Although some might view living and existing as synonyms, I see the boundary between them as a space of presence or the lack thereof: a chillingly liminal space.
As a child, we live every moment: we smell the mustard colored flowers and taste the sand to test for similarities with grain. We cry when our mom drops us off at kindergarten and hurt when our beloved stuffed bear goes missing. The world is fresh and the feelings that come with it are like a sea of new experiences. Unaware, we confront the swim without the fear of the pain these novelties could cause. But as we grow older, with age and experiences, the waves become familiar, and we learn that swimming underwater may shield us from the waves we have previously encountered.
In school we tighten our circle to those we know will stay; the ones we know won’t hurt us. At home, we start tuning out arguments from downstairs that previously made us cry. The many boyfriends we had in kindergarten eventually turn into none, protecting against the threat of heart aches. The color of new experiences gradually fades into a monotone canvas.
Whether it is the loop of a spotify playlist that never lets a negative thought –or any thought for that matter– through, or the inner drive to busy yourself every moment of the day, we all know how to silence the negativity and exist in a world of oblivious bliss.
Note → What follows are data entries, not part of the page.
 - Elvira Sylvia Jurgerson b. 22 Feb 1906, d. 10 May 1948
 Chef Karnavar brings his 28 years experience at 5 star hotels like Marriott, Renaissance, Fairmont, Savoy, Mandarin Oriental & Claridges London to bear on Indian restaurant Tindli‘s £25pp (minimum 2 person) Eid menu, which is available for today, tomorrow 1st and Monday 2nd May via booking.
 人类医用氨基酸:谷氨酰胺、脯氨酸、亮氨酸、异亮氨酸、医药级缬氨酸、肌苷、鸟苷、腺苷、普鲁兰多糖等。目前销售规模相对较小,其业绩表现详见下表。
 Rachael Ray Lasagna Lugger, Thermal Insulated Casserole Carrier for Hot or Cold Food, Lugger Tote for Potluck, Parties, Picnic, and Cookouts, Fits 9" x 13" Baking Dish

For some, it is vacant fathers who indoctrinated the superiority of being liminally absent, while for others, it is the mere fear of losing their dearest babbo that encouraged them to crawl into the world of dissociation. Whether it is not to love or to love too much, the escape from pain and sorrow is far too tempting.
If we make the choice of ignoring pain rather than confronting it, we become a space that is not occupied by emotions, one numb to hurt. When we make the transition from living to existing, who do we become? Who are we without the ups and downs? Do we carry a liminal space with us or do the spaces we inhabit become liminal because of our absence? The airport, subway, and bed persist in our absence. They appear objects that can house our flesh and bones while our mind disintegrates. The flight from one home to another, bearing the sorrow of leaving things behind. The ride home from a day full of laughter to the silence of your kitchen. The sleep that contains all the unwanted emotions left ignored. These transitions protest against living in the present; they beg you to look back at the past and take a breath from underneath the water you so deliberately dove into the depths of.
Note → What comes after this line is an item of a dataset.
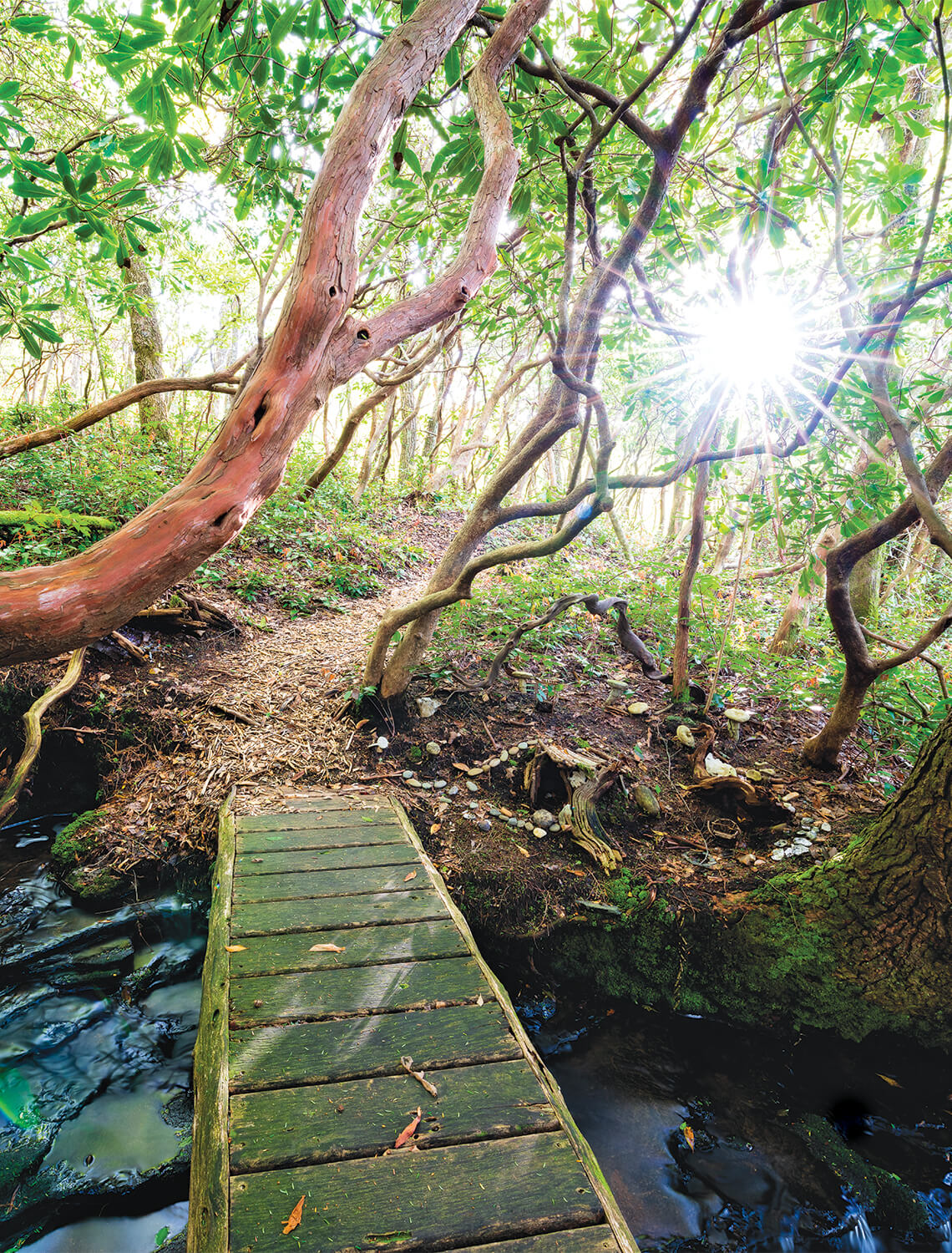 Local artist Jesse Morgan’s locust wood doorway blends seamlessly into a backdrop of cinnamon ferns and rhododendrons, while firecracker-red Major Wheeler honeysuckle happily winds itself up and over the threshold. photograph by Thomas Moors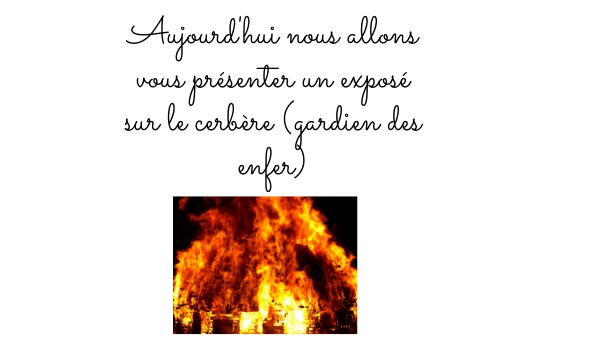 Aujourd'hui nous allons vous présenter un exposé sur le cerbère (gardien des enfer)

Eternal sunshine of the spotless mind!
Each pray'r accepted, and each wish resign'd;
Labour and rest, that equal periods keep;
"Obedient slumbers that can wake and weep;"
(Eloisa to Abelard by Alexander Pope)
But spotless rays of sunshine cannot exist in the depths of our liminality. By choosing to dissociate, our world becomes a haze of emotionless liquid. In order to experience sunshine, we must accept that it is not eternal, and settle for its temporary nature. We must sacrifice the rare thunder for those beautiful moments.
For our dreams will rush off to the places, people, and feelings we have been so purposefully avoiding. Our real self cannot be the one that is hooked to the modern noise of music and cannot fall asleep to the solemn silence of the pillow, scared of the places the mind will wander when left outside your own strict control. What are we if not our unconscious? We cannot run forever.
The grief or threat of future grief is what nudges me into my liminality, but what is grief if it is not the very act of preserving love, or trying to? In our transition into existence, we destroy the love we were trying to preserve. We let go of what our fear warned us about: losing love.
Losing someone is not painful without love. It is the presence of love that makes the loss grief. By choosing existence, we let the potential pain win against the eternal love we have for the lost. Liminality eliminates the sensation we live to feel, and our fear slowly leads to the loss of ourselves too.
These two selves –the existing and living– cannot cohabit our body, at least not mine. The extremes are where you can find me, because the boundary takes away both the prize of the present and the preservation of pain. The impossibility of choosing both existing and living is much like running after a train that is passing whilst also trying to get on the train present on the other platform. Before rushing to the tracks, I must decide whether to run after presence or numbness.
Indeed, the joy of presence prevails. My monotone escape to my mind's liminal space cannot sustain me. For I strive to be the same child who walked to school with three ponytails — one pink, one blue, and of course one with an orange elastic.
I want to be the same child who spelled every word wrong in her journal about her devastating day in the second grade. I hope to be the same child who played soccer with so much pride despite only starting last Wednesday. I will be the same child who befriends the grandpa living next door because he offered me a big watermelon.
I need to be this child to feel the present, the new, and become entirely myself.
To live is to carry her with me no matter where I go.